狂気の王と永遠の愛(接吻)を 【第一部 センスイ編収録版】
Ⅸ―ⅳ 癒しの力
「お、俺!見習い剣士のカイ!!」
「カイ…いい名前だね」
目線を合わせるようにかがんだ彼の髪が絹糸のようにさらさらと揺れている。そのわずかな動きさえ優雅で美しく気品に溢れていた。
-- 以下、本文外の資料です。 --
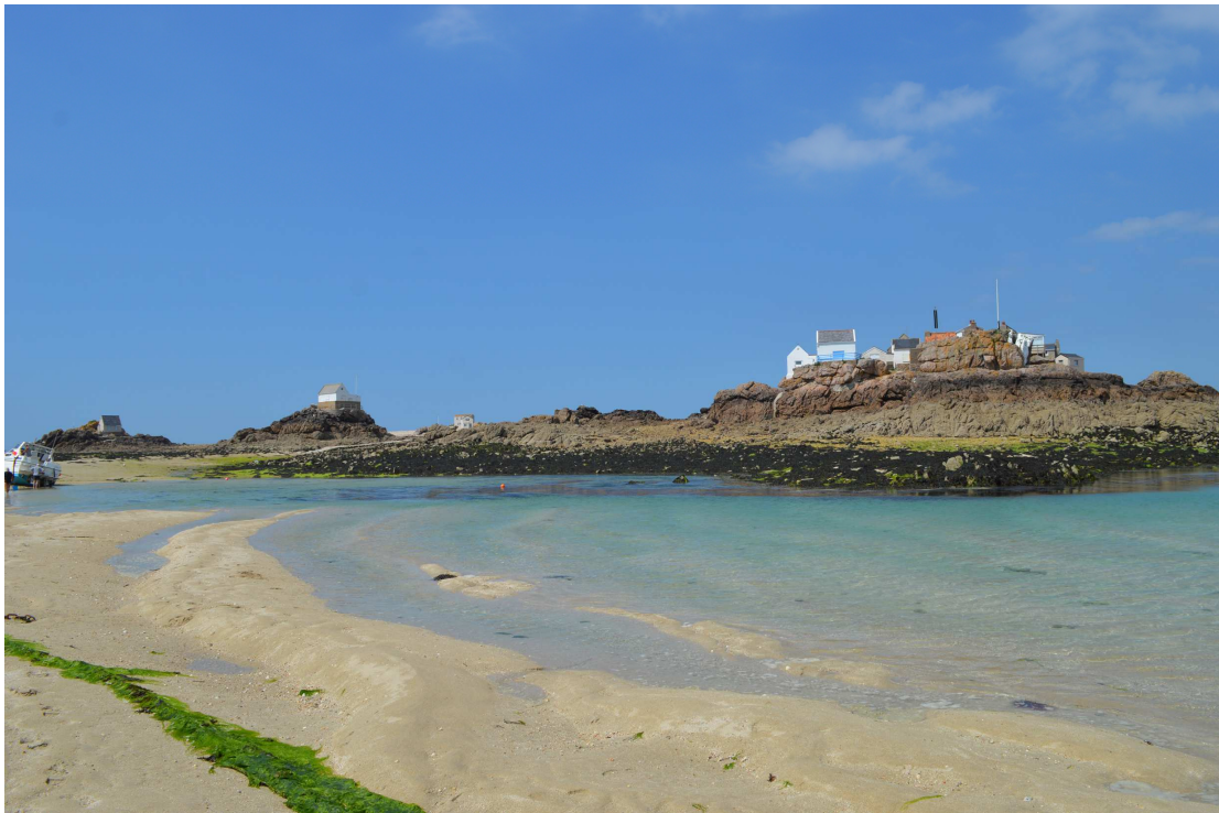
Figure 2: Écréhous at low tide. Right of photo: La Marmotière; left of photo: several smaller islets.

Along with the main Channel Islands (e.g., Jersey, Guernsey, Alderney, Sark and Herm), these two shelves are situated in different parts of the pronounced Gulf of St Malo in the northern French coastline (between Normandy and Brittany). This area is characterized by challenging marine conditions due to the combination of two overriding major factors: the presence of countless rocks and sand, and the strength and range of tidal currents, which are among the highest in the world (up to 12 metres). These two factors combine to make the tidal waters around the Minquiers and Écréhous to be especially dangerous, yet also creating a very changeable amphibious and distinct seascape/landscape. As one hut owner on the Minquiers noted in response to a short survey: "The Minquiers plateau is an area of unique, constantly and dynamically changing beauty. It is a place to enjoy vast skies, and multi-toned sea, rocks and sand" (Anon, 2015, personal communication). With both reefs, and especially with the Minquiers, only a few rocks remain above the high-water mark, whereas at low tide a huge plateau is uncovered, along with a number of rocks, sandbars and sea inbetween. Added to the fact that the situation is never the same depending on the time of day due to the tidal
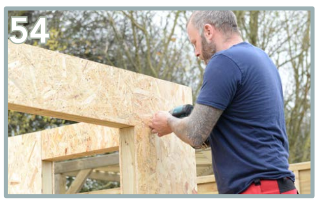
Use 35mm screws to secure the lintel in place by screwing from both outside and inside of each wall panel into the lintel. This will use a total of 8 x 35mm screws.
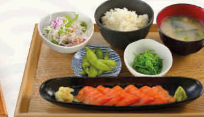
Salmon Sashimi Set $26

Noodles are free from animal derived products. However, is cooked in the same cooker as normal noodles containing eggs. Tofu fried in separate vegetarian-only fryer.
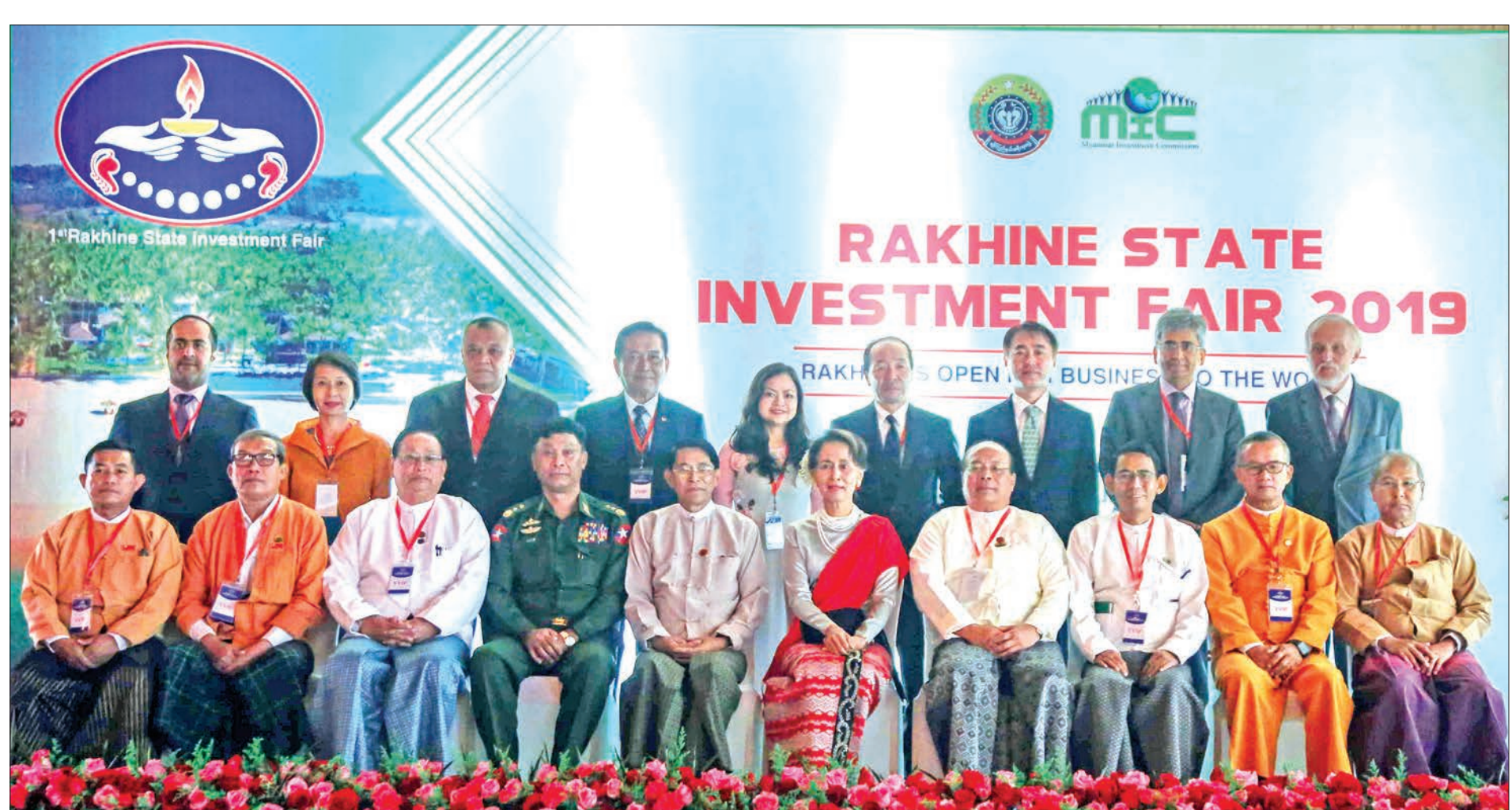
State Counsellor Daw Aung San Suu Kyi poses for the documentary photo together with union ministers, chief ministers and diplomats at the opening ceremony of Rakhine State Investment Fair (2019) in Ngapali Beach, Thandwe yesterday.

(王様…俺のこと見習いだって嫌な顔すると思ってた…)
差し出されたキュリオの白く美しい手を見つめ、カイはゆっくりした動作で己の手を近づけていった。そしてその距離がゼロになると…
しっかり握りしめられた互いの手。
すると異変を感じたカイはキョロキョロと己の体を見つめた。細胞のひとつひとつが活性化するような、さらに心までもが穏やかに癒されていくような不思議な感覚におそわれる。
「なんだ…これ…」
よくみてみるとカイの体は淡く光輝いており、剣の鍛錬でついたいくつもの傷が綺麗になくなっている事に気が付く。
カイはキュリオと手を握りしめたまま腕や足、そして顔は見えないため空いたほうの手でペタペタと触っている。
「傷がない…」
驚いているカイをみてブラストがニカリと笑った。